Prince of Peace by James Carroll
Rating: 16  ****************
    Rachel Wright, I love you for giving me this book to read.  Capsule:  Guy goes to Korean War, comes home, becomes a priest...lots of important stuff happens...starts protesting the Vietnam War, and the protest escalates throughout the book.  That's kinda just the skelton, but to tell you more than that would be to ruin everything.  And I'm not a ruiner.  James Carroll writes the most beautiful prose and he tells the story so convincingly.  When he's writing as Durk, he becomes Durk.  When he's writing about Michael Maguire, he becomes Michael Maguire.  When he's writing about Carolyn, he becomes her.  Everyday I would say to Rachel, "You'll NEVER guess what happened last night!!"  And she would say, "What?  Did Heidi pull five more boys?"  And I would say, "No, but this happened to Michael Maguire...!"  And she would say, "Oh my god, I know!" because she had already read the book, so I was telling her old news.  This went on everyday until I finished.  It's amazing, and this review is rather pointless, because nothing I say here will, in my eyes, do this book justice.  Peace out.
-mbm

American Inanimate Carbon Rod  - "In Rod We Trust"
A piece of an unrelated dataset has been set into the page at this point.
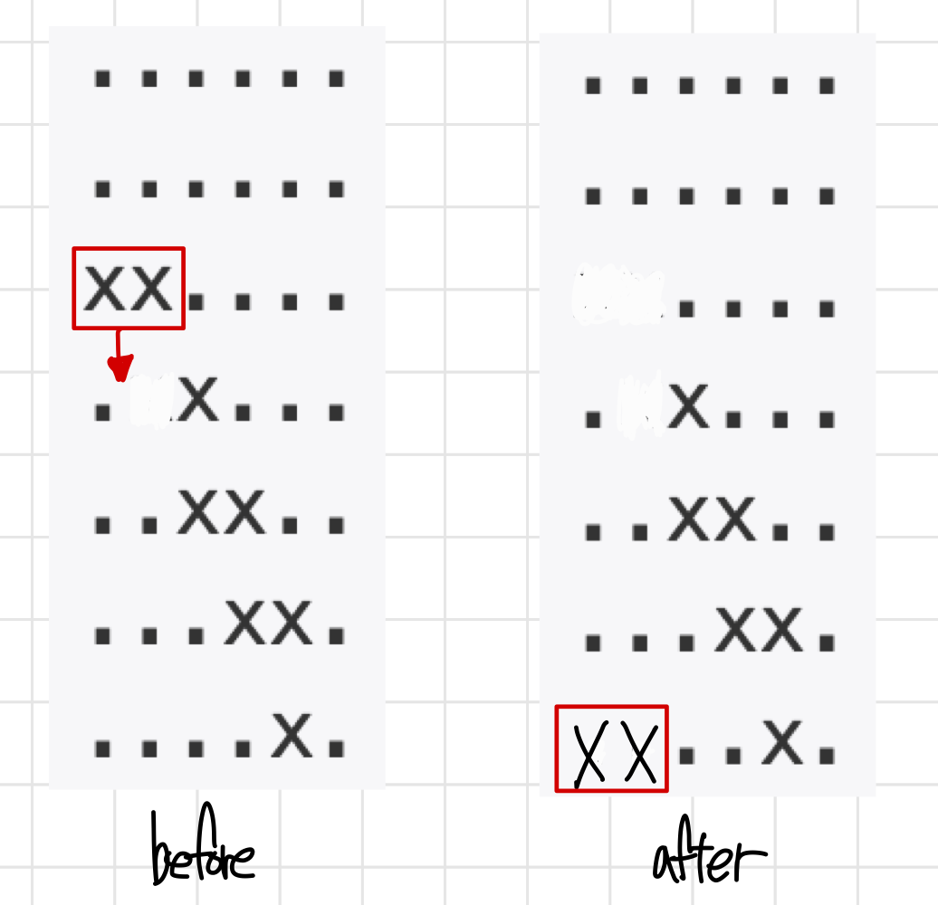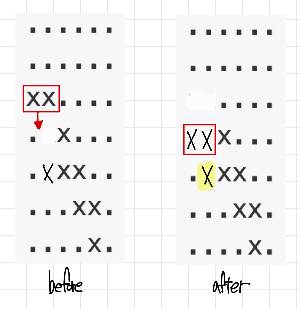 두개의 칸을 가진 클러스터가 아래로 떨어져서 after 과 같은 결과가 만들어졌다.

Rating:  23  ***********************
    Shoegazing at it's worst.  Upon hearing the first full-length release from AICR, I fell in love.  With the music, with the lyrics, with the band members ( especially Ainsley), and with the ingenius calculus behind the music.  Like a sociopath, this album is sweet, endearing and completely emotionally detached.  This concurrent-emo, pre-baggy/madchester, proto-math rock group is hard to place under one genre, and so it shall be, as the band members are against being forcefully labeled, especially with anything that has the word post in it.  They will admit though, that by default they fall into the lo-fi category, for no other reason than the poor sound quality of the album...which makes it all the more charming.  This album sounds like it was made in outer space.  The sound quality lends to the album a detached lonely galaxy kind of feel.  The songs are gorgeous: fantastically harmonized, intricately crafted and unpredictable.  Like the lights of an oil refinery this album is sad and beautiful all at once.  Like an algebra equation, the songs, whether kick your ass fast an' happy or way way the fuck down and methodical, fit together into one tight album.  AICR has laid down 16 tracks of pure scientific genius.
-pmf

Weezer - "The Green Album"
Rating:  3.104   ***.104
    The Green Album was the once much anticipated follow-up to Weezer's first two extraordinary albums.  Tthis album reminds me of cotton candy:  you wait anxiously, mouth-watering...you get it and can't wait to take a bite...for a second, it's delicious.  But then you try to find something to chew on and it quickly dissolves into nothing and you realize you've wasted your money and wish you had gotten something else.  Matt Sharp, please come back.